Trump niega plan de ataque, pero aumenta tensión con Venezuela
Mientras Washington niega acciones bélicas, reportes periodísticos y reacciones desde Caracas avivan la sospecha de una operación encubierta con implicaciones regionales.
Trump desmiente plan de ataque, pero el Caribe sigue en tensión
El presidente de Estados Unidos, Donald Trump, aseguró este viernes que “no está considerando lanzar ataques contra Venezuela”, tras difundirse reportes de prensa que mencionaban supuestos planes militares de Washington contra el país suramericano.
La declaración llegó luego de que el Miami Herald y The Wall Street Journal publicaran información citando fuentes del gobierno estadounidense, en la que se afirmaba que la Administración Trump habría definido “objetivos militares” en territorio venezolano, y que un ataque podría producirse “en cualquier momento”.
Ambos medios señalaron que los blancos potenciales incluirían puertos, aeropuertos y bases controladas por el Ejército venezolano, con el supuesto objetivo de forzar la salida del presidente Nicolás Maduro.
Washington y las “filtraciones” de guerra
Según The Wall Street Journal, los funcionarios estadounidenses consultados aseguraron que las acusaciones contra Caracas —sobre presunto narcotráfico y violaciones a derechos humanos— servirían como justificación para las acciones militares.

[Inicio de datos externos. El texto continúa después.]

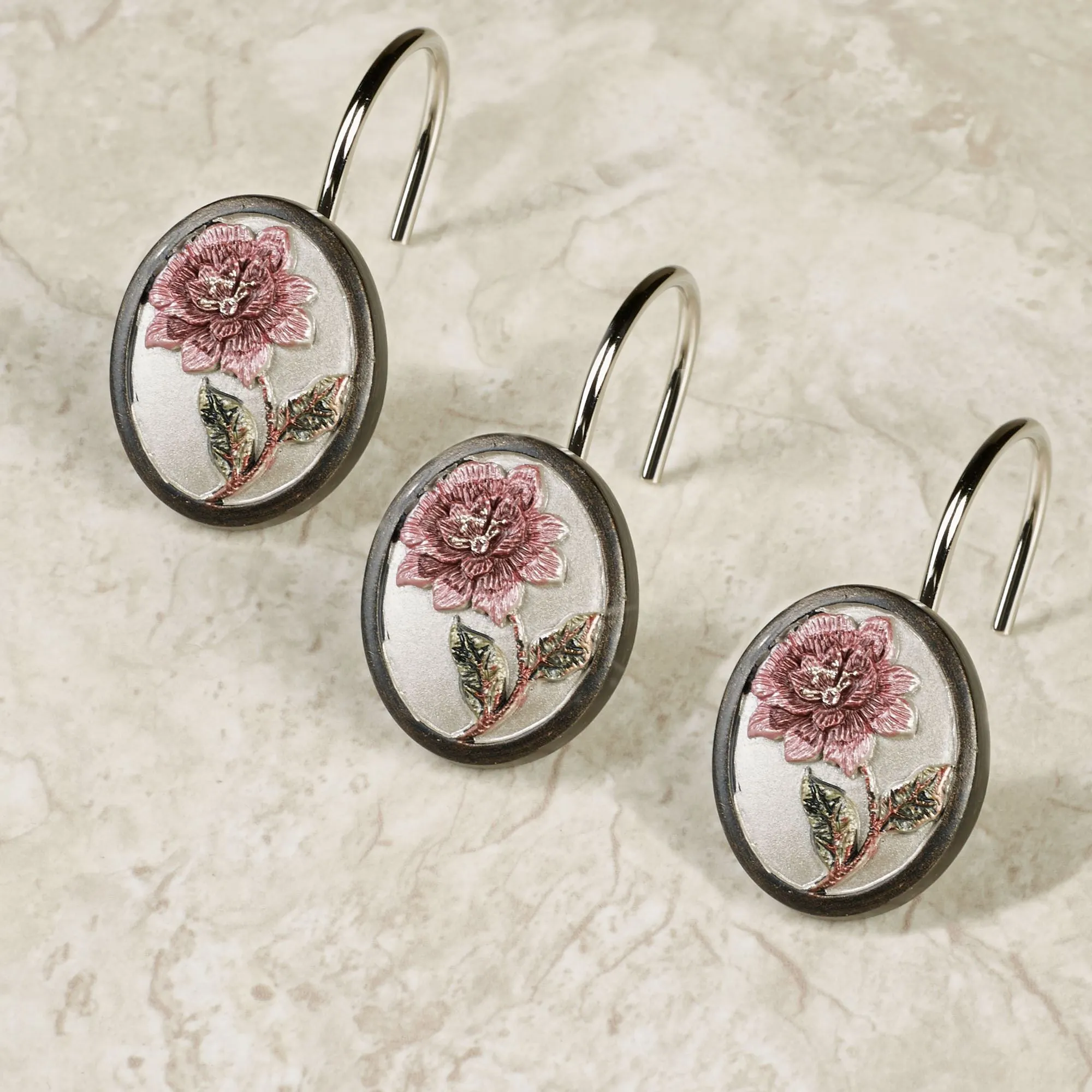 Sheer elegance embellishes your routine from the Larissa Shower Accessories as roses vine and bloom across your space. Each light taupe accent features shimmering rose wine and maroon blooms with sage leaves against bronze vines for a sophisticated and beautiful appeal. Shower Curtain has a sheer polyester fabric with embroidered designs. Shower curtain, 72"Wx72"L, is machine washable. A waterproof liner, not included, is recommended. Shower Hooks are sold separately in a 12-piece set. Shower hooks are resin medallions with raised designs and bronze-colored frames; each is 1.5"Wx2"Dx2.5"H. Imported.

El Miami Herald, por su parte, sostuvo que la operación buscaría “decapitar” a la cúpula del gobierno venezolano, bajo el argumento no comprobado de que integran un “cártel criminal”. Ninguno de los reportes, sin embargo, ofreció evidencia concreta.

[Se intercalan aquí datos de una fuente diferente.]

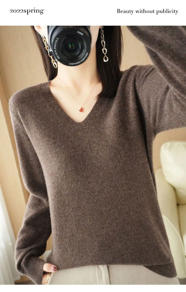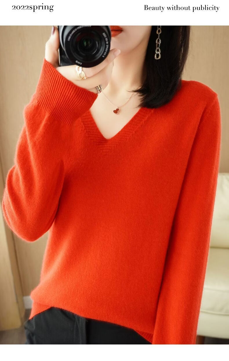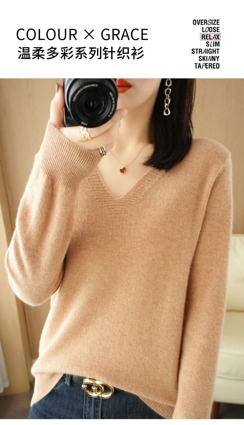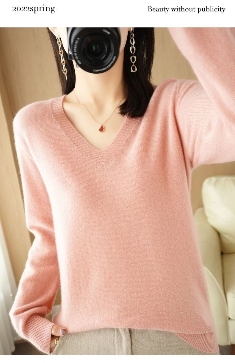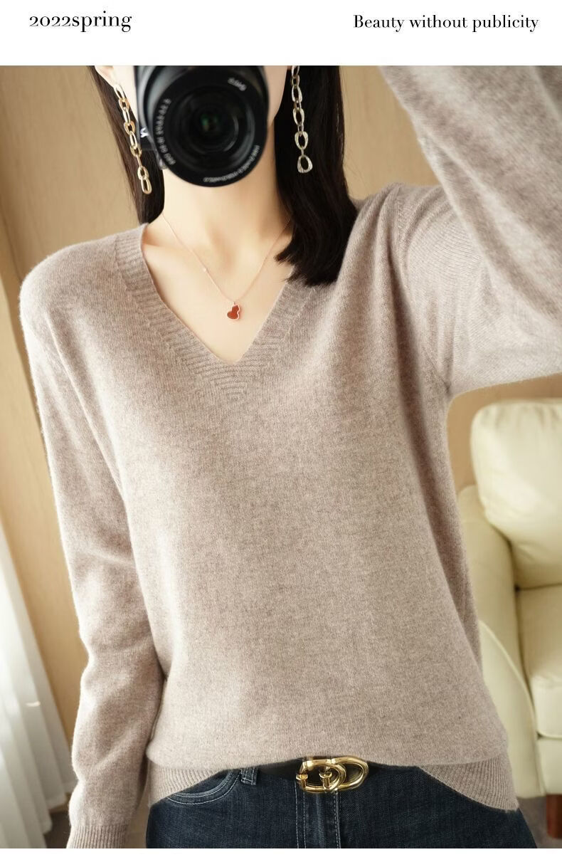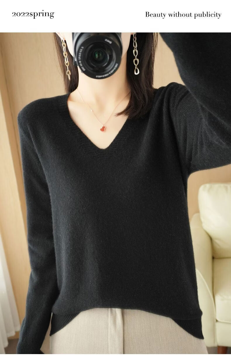 Playboy (PLAYBOY) 2026 new autumn and winter V-neck knitted sweater women's long-sleeved pullover bottoming shirt loose and simple inner wear slimming top official flagship haze blue L recommended 110-125 pounds

Desde la Casa Blanca, Trump intentó desmarcarse de las versiones al declarar que “no hay planes de ataque en marcha”, aunque evitó desmentir los despliegues militares recientes en el Caribe, realizados bajo la bandera de operaciones antinarcóticos.
Caracas habla de “una guerra multiforme”
El gobierno de Nicolás Maduro sostiene desde hace meses que Venezuela enfrenta “una guerra multiforme” impulsada por Washington, cuyo fin sería imponer un “gobierno títere” y apropiarse de los recursos naturales del país, incluyendo petróleo, gas y oro.
En septiembre, Maduro denunció públicamente que Estados Unidos ha reactivado mecanismos de presión militar y mediática, mientras el 94 % del pueblo venezolano —según sus datos— “rechaza la amenaza de invasión”.
La Fuerza Armada Nacional Bolivariana (FANB), junto con la Milicia y cuerpos policiales, inició recientemente ejercicios defensivos en las zonas costeras para “aceitar la maquinaria” ante eventuales agresiones externas.
Reacciones del gobierno venezolano
El presidente de la Asamblea Nacional, Jorge Rodríguez, declaró que los verdaderos beneficiarios del narcotráfico “no están en América Latina, sino en Estados Unidos y Europa”.
Mientras tanto, el canciller Yván Gil afirmó que Washington ha dado “un paso más” en su política hostil contra Caracas con la “amenaza del uso de la fuerza”. Gil advirtió que un conflicto armado tendría “consecuencias terribles para toda la región”, y acusó a la Casa Blanca de recurrir a maniobras “equivocadas y peligrosas”.
El despliegue militar y las acusaciones
En agosto, Estados Unidos desplegó buques de guerra, un submarino, aviones y tropas frente a las costas venezolanas, alegando una operación contra el narcotráfico. Sin embargo, los bombardeos a presuntas lanchas en el Caribe y el Pacífico han dejado decenas de muertos y fueron calificados por la ONU como “ejecuciones extrajudiciales”.
A mediados de octubre, Trump reconoció haber autorizado operaciones encubiertas de la CIA en territorio venezolano, una admisión que Caracas consideró como prueba de su denuncia de larga data. “¿Alguien puede creer que la CIA no ha conspirado desde hace décadas contra Chávez y contra mí?”, cuestionó Maduro.
Escalada silenciosa
Pese a la negación formal de Trump, las tensiones entre Washington y Caracas se intensifican en un contexto geopolítico marcado por el reacomodo de fuerzas en América Latina y el Caribe. Analistas internacionales advierten que cualquier acción armada podría repercutir en toda la región, reavivando el debate sobre la soberanía y el intervencionismo.
Por ahora, la situación se mantiene en un delicado equilibrio diplomático y militar, donde cada declaración pública puede significar un paso más hacia la desescalada… o hacia una nueva crisis hemisférica.